Трое беглецов жались к ограждению, за которым уже начинала сереть Иудейская пустыня. Говорили, что именно эта площадка была любимым местом самого Ирода в те дни, когда он посещал свое детище – неприступную Мецаду. В часы вечерней прохлады или в тихие предрассветные часы царь Иудеи сидел на краю площадки и смотрел на то, как Асфальтовое озеро расцвечивается яркими красками, как бегут по скалам розовые тени и скользит по глянцу воды лодка перевозчика.
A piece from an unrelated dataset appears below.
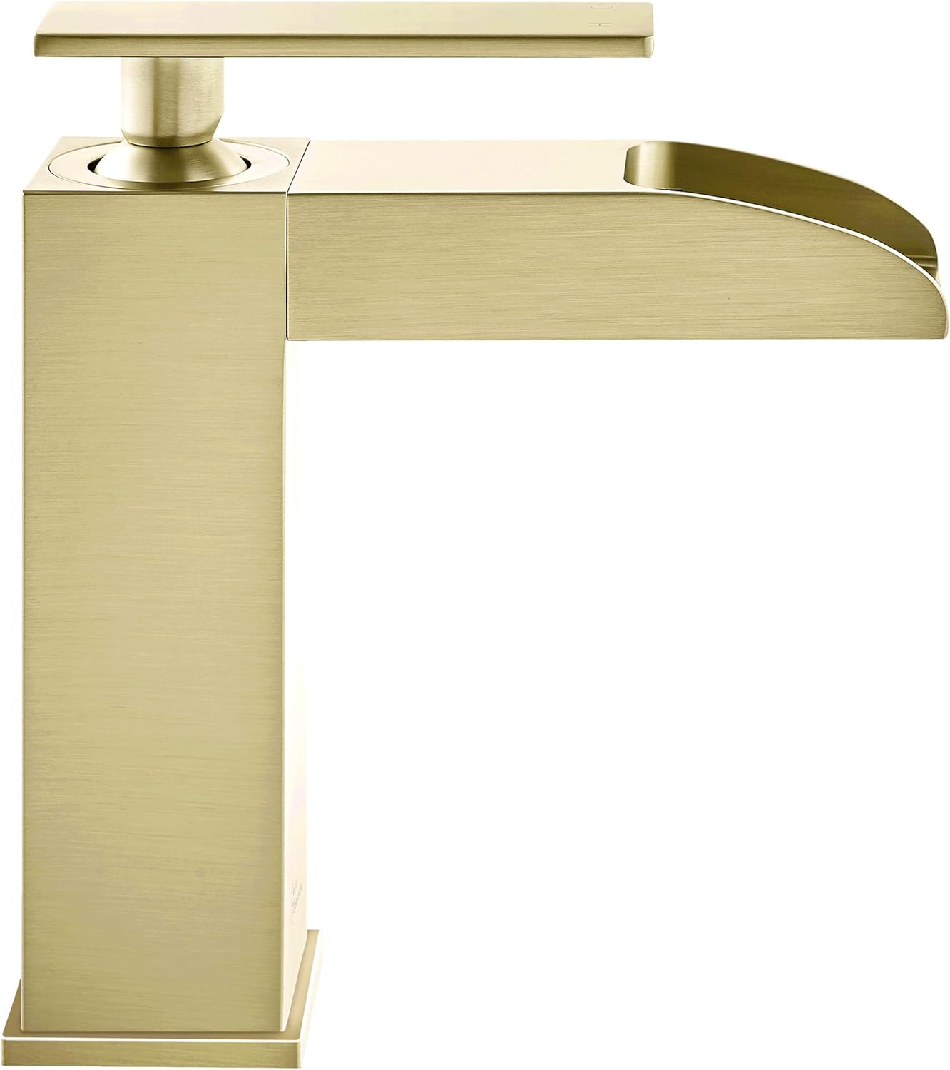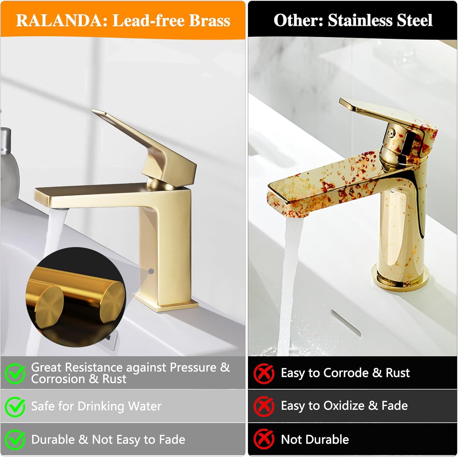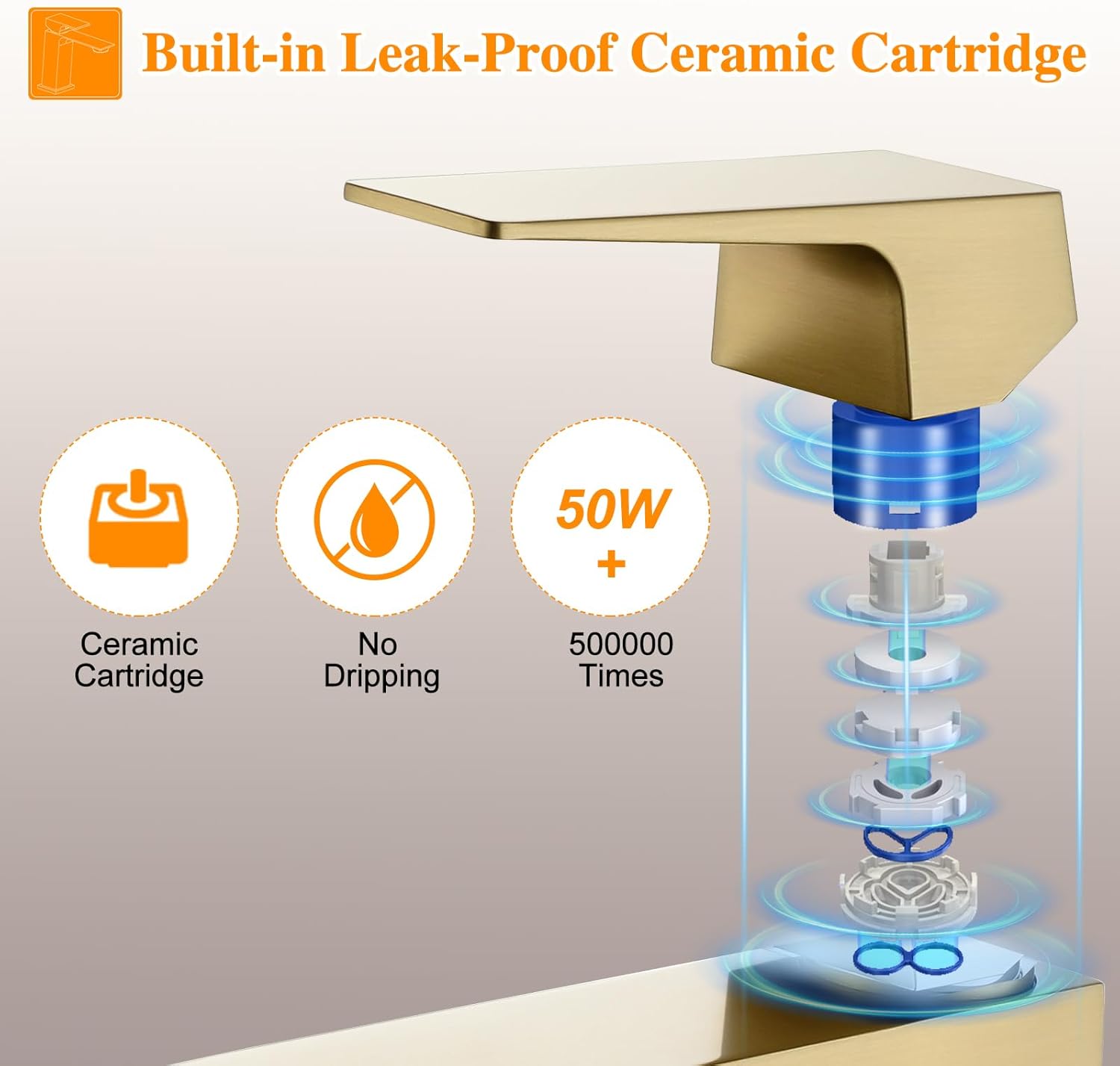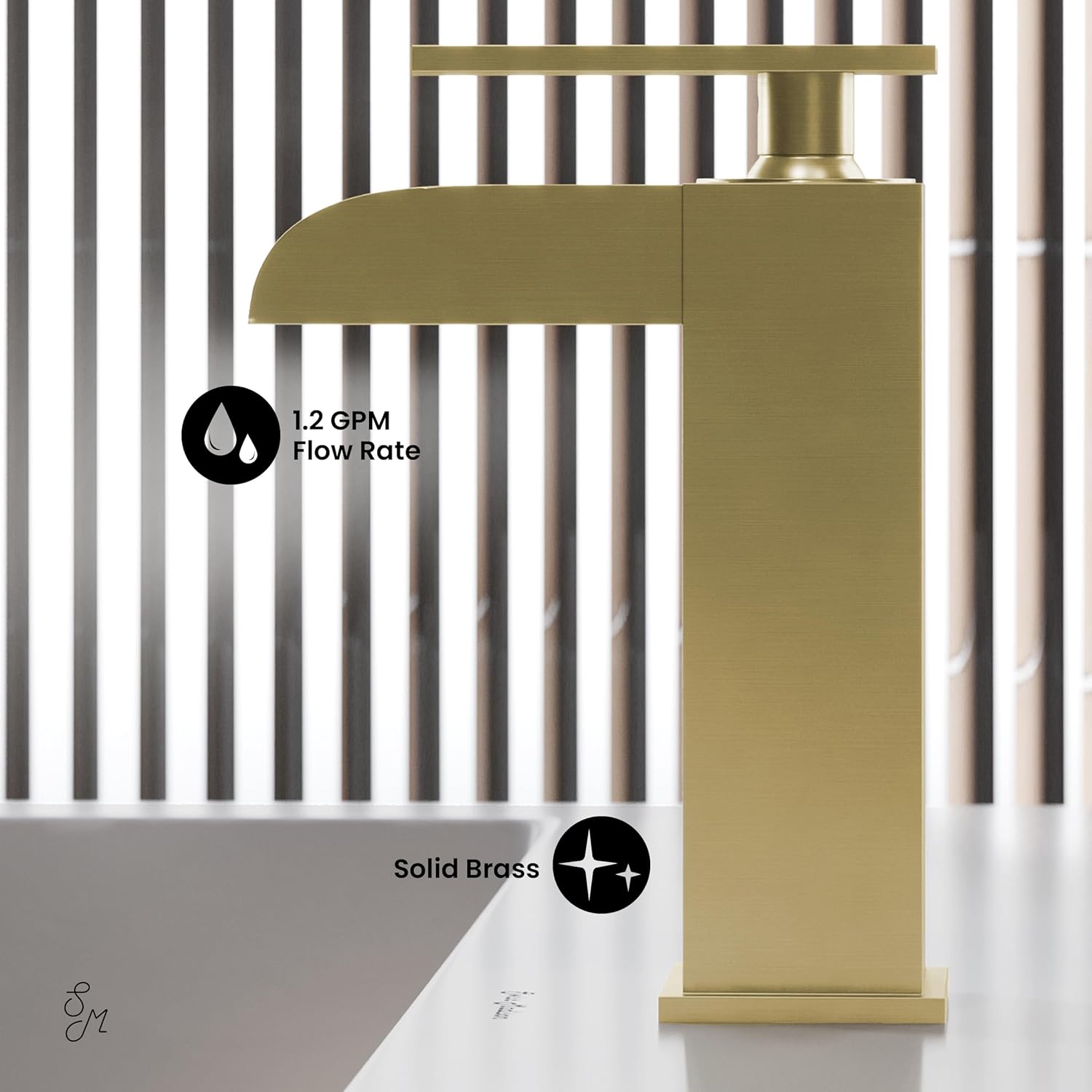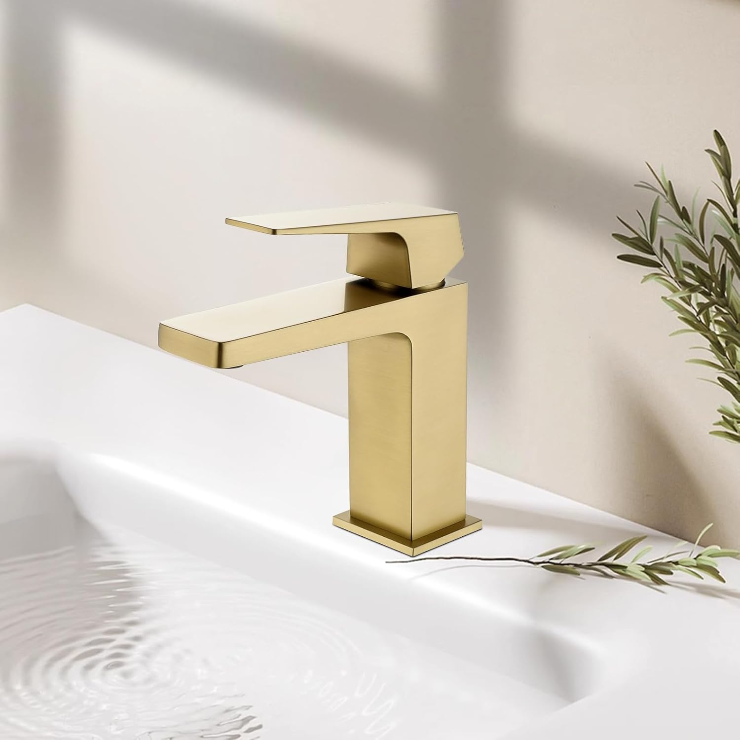 Gold Bathroom Faucets, 6 Inch Small Single Handle Bathroom Sink Faucet 1.8GPM High Pressure Vanity Faucet 1 Hole with Supply Hose Solid Brass Construction Without Pop Up Drain

Сегодня здесь лежали мертвые тела, хлопьями летал пепел от сгоревших занавесей, и пламя пожирало старую мебель, помнившую тяжесть великого царя.
Бнаю поддерживали двое – теперь Иегуда мог рассмотреть их хорошо – совсем юная девушка с огромными, в пол-лица, глазами, сверкающими даже в темноте, и невысокий мальчишка с тонкими чертами лица, перепуганный до безрассудной смелости. Деваться им троим было некуда, за балюстрадой начиналась пропасть в несколько сотен метров глубиной, на дне которой горели квадраты разбитых римлянами лагерей.
Лагеря уже не спали и, хотя к Левку для штурма выдвинулся только лишь Десятый «Сокрушительный» легион, остальные тоже не бездельничали – готовились поддержать атакующие силы. На западной стороне крепости все кипело – осадная башня заполнилась людьми, колонны выстроились в боевые порядки, а стрелки стали к снаряженным «скорпионам». Все было готово к последней атаке: и оружие, и дух. Флавий Сильва уже занял свое место на правом фланге «Фрезентиса» – он был облачен в расписанный золотом нагрудник, шлем с красным плюмажём, на плечах красовался белый с алым плащ. Гладко выбритое лицо выглядело сурово, и эту мужественную суровость не портили ни шрам, ни чуть опущенное веко и брезгливый перекос узких губ.
Легионеры встретили прокуратора радостными криками и тут же сомкнули вокруг военачальника алые щиты. Над боевым порядком взмыли легионные орлы, ударили в ритме ровного шага маршировочные барабаны, и первые когорты двинулись вверх по склону. Внутри башни, которую солдаты резво катили впереди строя, тоже били барабаны. В полном соответствии с римским порядком и с заданным ритмом из-за горизонта начало подъем солнце.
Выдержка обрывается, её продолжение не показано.